DATA:
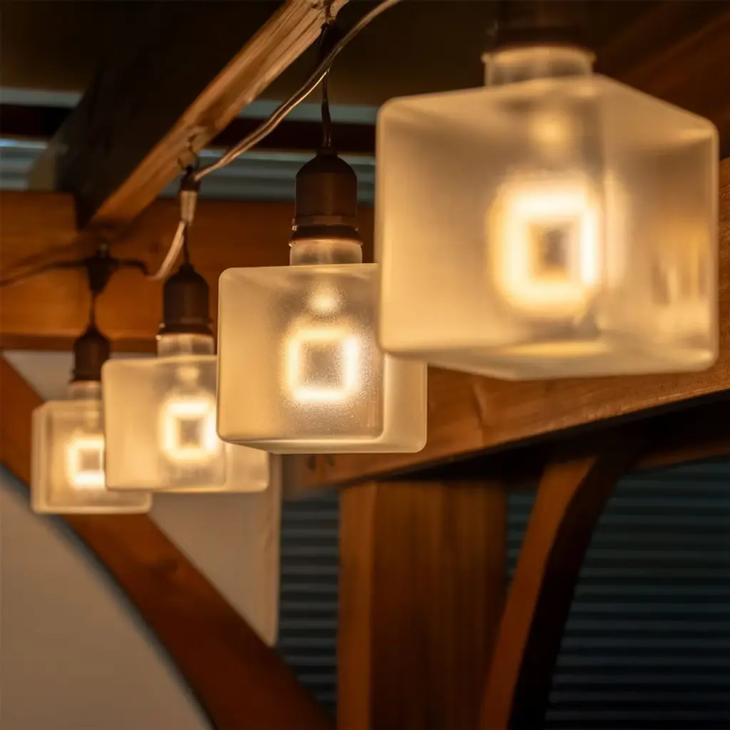 Festive Living Led Cube Light, Unique Edison Bulb With Square Filament, Large Pendant Bulb, E26 Base, 5W 2700k Warm White, Frosted Coated Glass
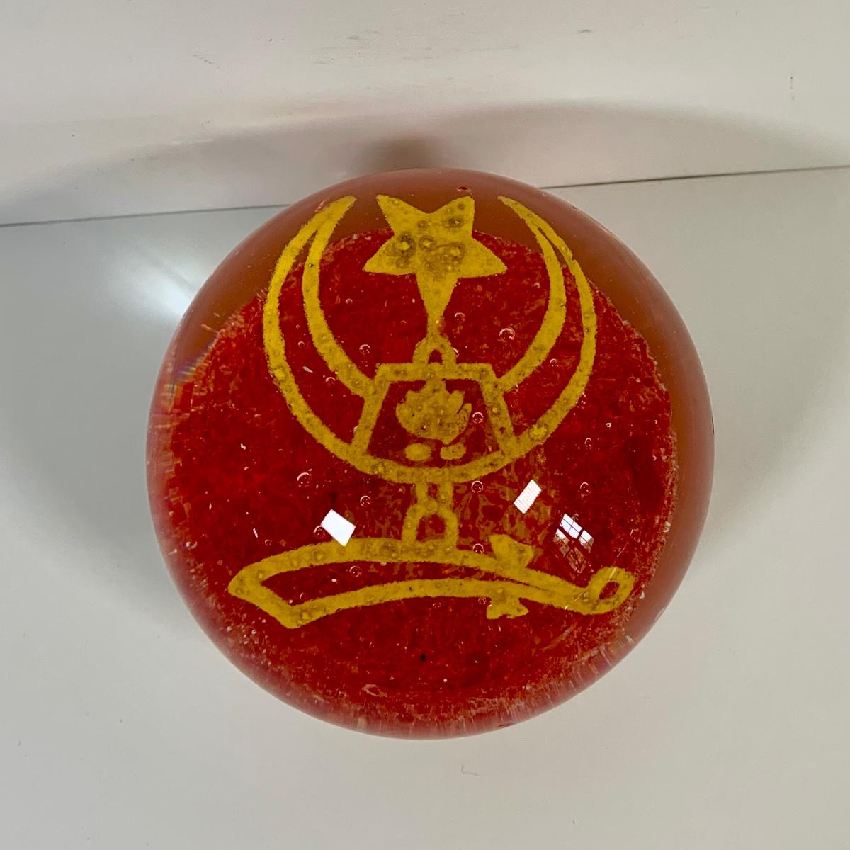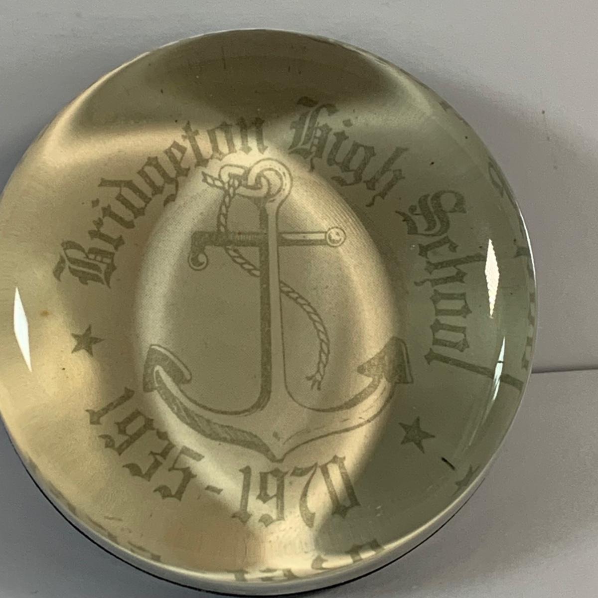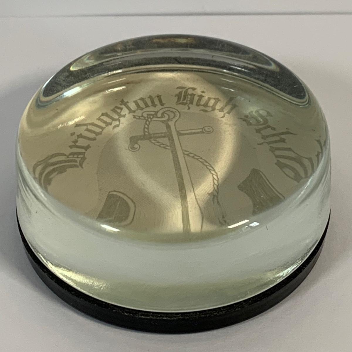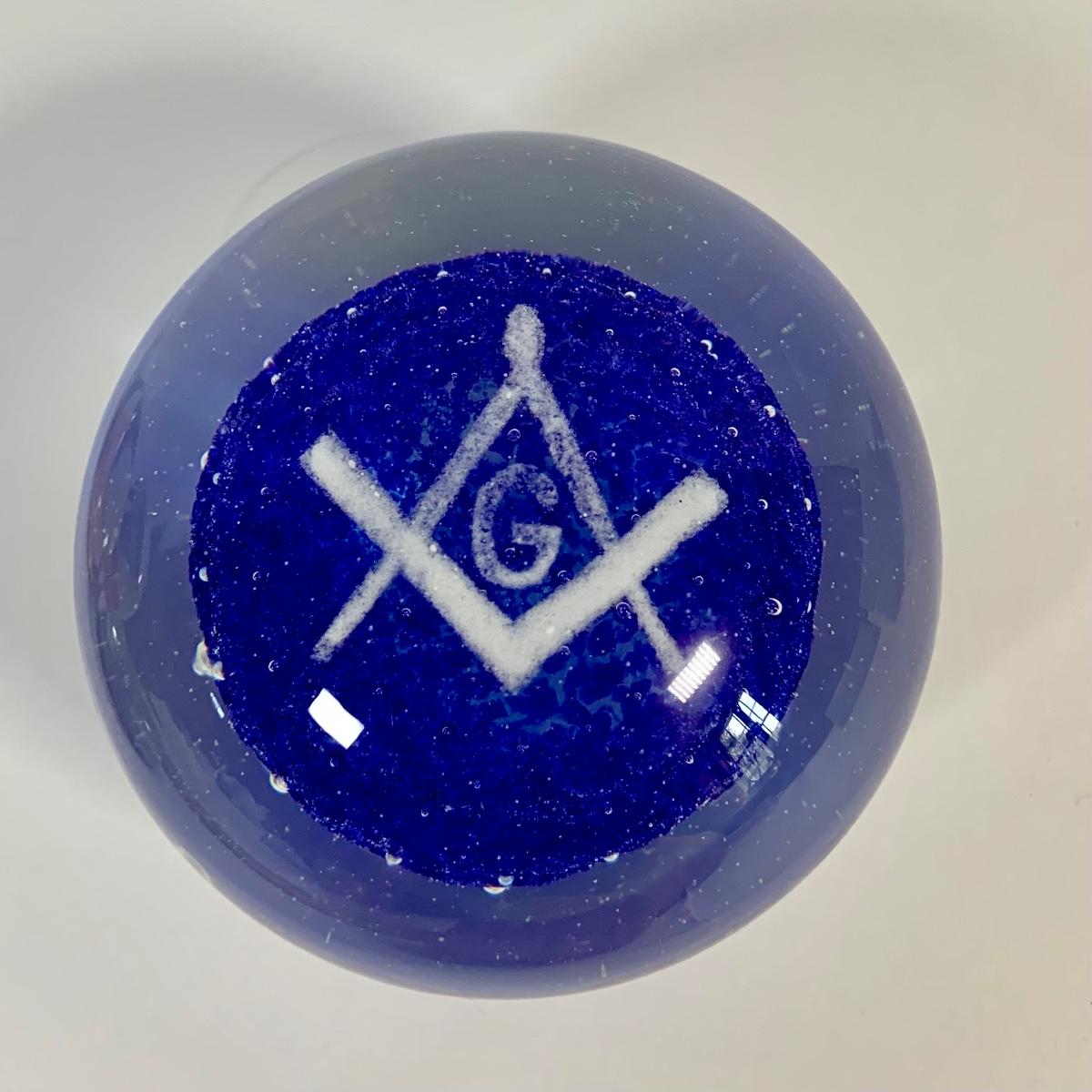LOT 32: Collection of Vintage Glass Paperweights Featuring Masonic Cobalt Blue and Orange. Bridgetown High School an More
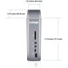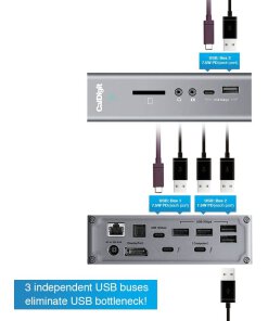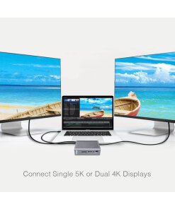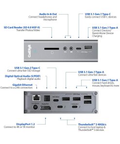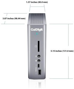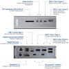- [15 יציאות לחיבור התקנים]: x2 Thunderbolt 3 40Gb/s, חיבור לצג 1.2, 5x USB-A ו-1 USB-C 3.1 דור 1 (5Gb/s) x1 USB-C 3.1 דור 2 (10Gb/s נתונים בלבד), Gigabit Ethernet, חריץ כרטיס UHS-II SD (SD 4.0), אודיו אופטי (S/PDIF), אודיו סטריאו 3.5 מ”מ כניסה ויציאה. מנח אנכי או אופקי. מבנה אלומיניום עם גוף קירור משולב ללא מאוורר.
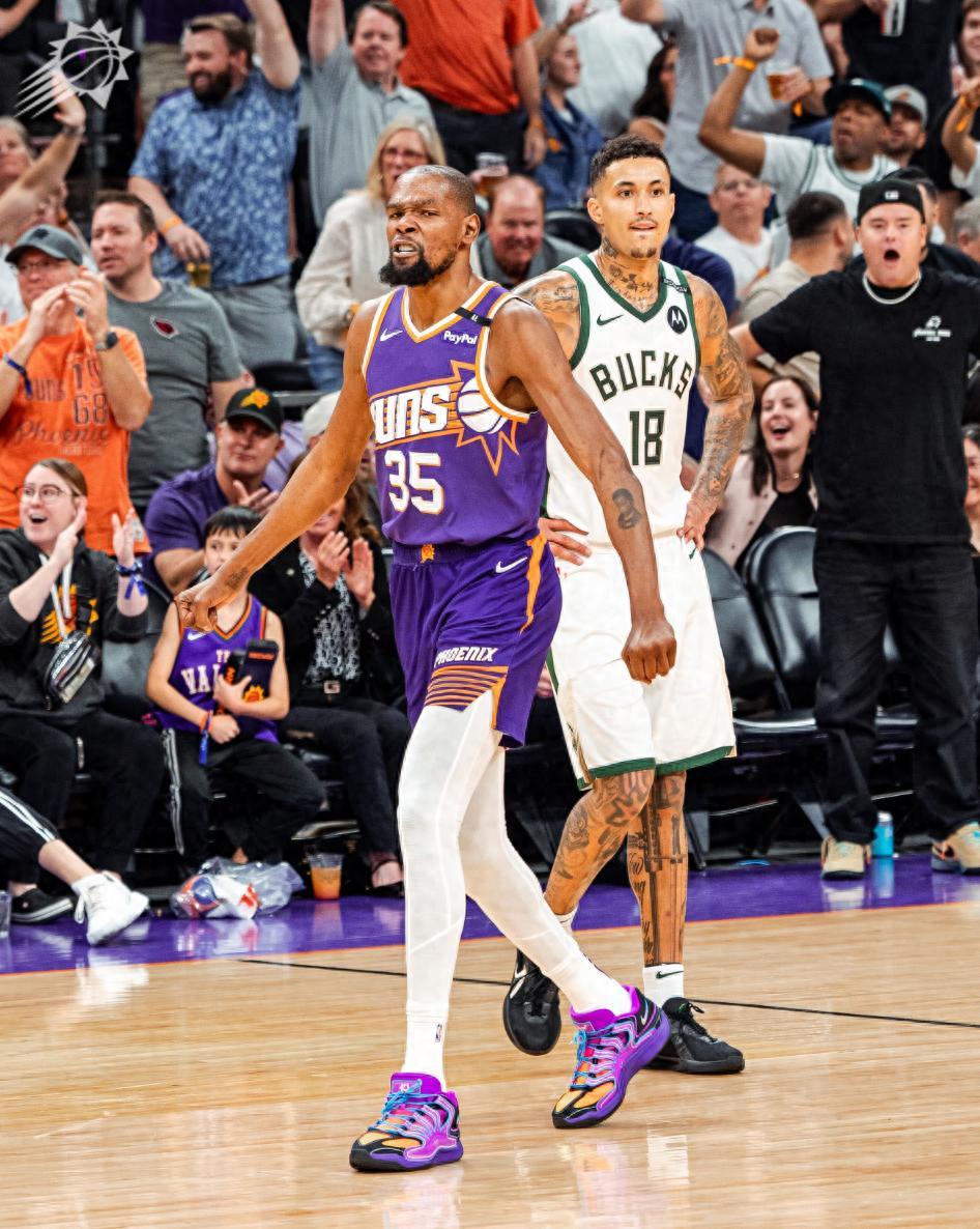 全場比賽,杜蘭特37分鐘,21中11,三分9中7,罰球10中9,拿到38分8籃板5助攻3蓋帽,命中率52.4%,三分命中率77.8%。布克19分12助攻(18中7+三分5中0)
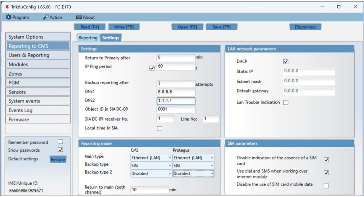 Any CMS can receive reports, as long as they have TRIKDIS software/IP receiver or any other manufacturer’s IP receiver supporting SIA DC-09 IP protocol.
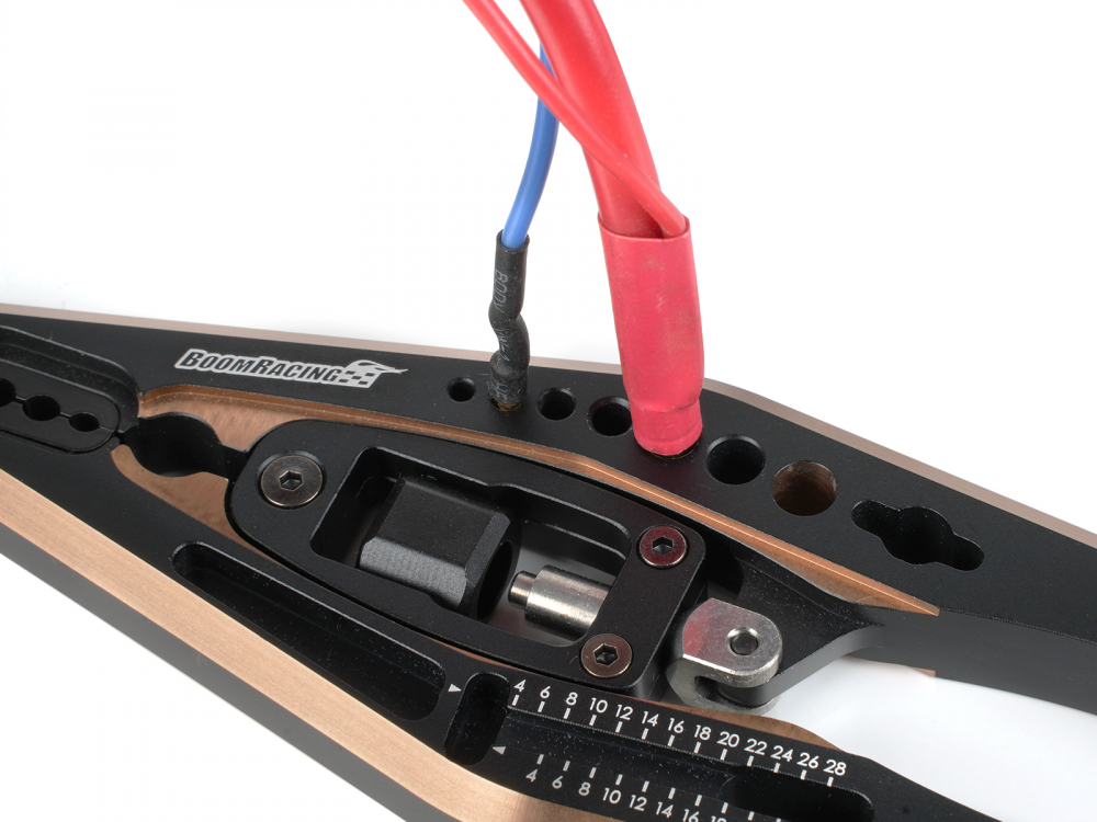 Multipurpose Shock Pliers (#BRT10065) Features: + Multipurpose tool for your workbench + True straight pivot ball puncher for accuracy and easy operation + Interchangeable shock shaft clamp for 3.0 / 3.5 / 4.0mm + Stainless steel and nylon jaws are both included + Billet 7075 aluminum handles + Holds different bullet hole sizes 2 / 2.4 / 2.8 / 3.2 / 4 / 4.4 / 4.8 / 5.2mm + Holds small rod end with pre-installed 2mm-hole pivot ball + Holds rod end without pivot ball + Holds different connector types: XT60 / T-Plug (Deans) / EC2 / EC3 / Tamiya + Metric screw measuring ruler for countersunk, round and socket head

EXERCISE OBJECTIVE: Please return the records above exactly as written, dropping every picture.

ANSWER TO THIS TASK:
 Festive Living Led Cube Light, Unique Edison Bulb With Square Filament, Large Pendant Bulb, E26 Base, 5W 2700k Warm White, Frosted Coated Glass
LOT 32: Collection of Vintage Glass Paperweights Featuring Masonic Cobalt Blue and Orange. Bridgetown High School an More
- [15 יציאות לחיבור התקנים]: x2 Thunderbolt 3 40Gb/s, חיבור לצג 1.2, 5x USB-A ו-1 USB-C 3.1 דור 1 (5Gb/s) x1 USB-C 3.1 דור 2 (10Gb/s נתונים בלבד), Gigabit Ethernet, חריץ כרטיס UHS-II SD (SD 4.0), אודיו אופטי (S/PDIF), אודיו סטריאו 3.5 מ”מ כניסה ויציאה. מנח אנכי או אופקי. מבנה אלומיניום עם גוף קירור משולב ללא מאוורר.
 全場比賽,杜蘭特37分鐘,21中11,三分9中7,罰球10中9,拿到38分8籃板5助攻3蓋帽,命中率52.4%,三分命中率77.8%。布克19分12助攻(18中7+三分5中0)
 Any CMS can receive reports, as long as they have TRIKDIS software/IP receiver or any other manufacturer’s IP receiver supporting SIA DC-09 IP protocol.
 Multipurpose Shock Pliers (#BRT10065) Features: + Multipurpose tool for your workbench + True straight pivot ball puncher for accuracy and easy operation + Interchangeable shock shaft clamp for 3.0 / 3.5 / 4.0mm + Stainless steel and nylon jaws are both included + Billet 7075 aluminum handles + Holds different bullet hole sizes 2 / 2.4 / 2.8 / 3.2 / 4 / 4.4 / 4.8 / 5.2mm + Holds small rod end with pre-installed 2mm-hole pivot ball + Holds rod end without pivot ball + Holds different connector types: XT60 / T-Plug (Deans) / EC2 / EC3 / Tamiya + Metric screw measuring ruler for countersunk, round and socket head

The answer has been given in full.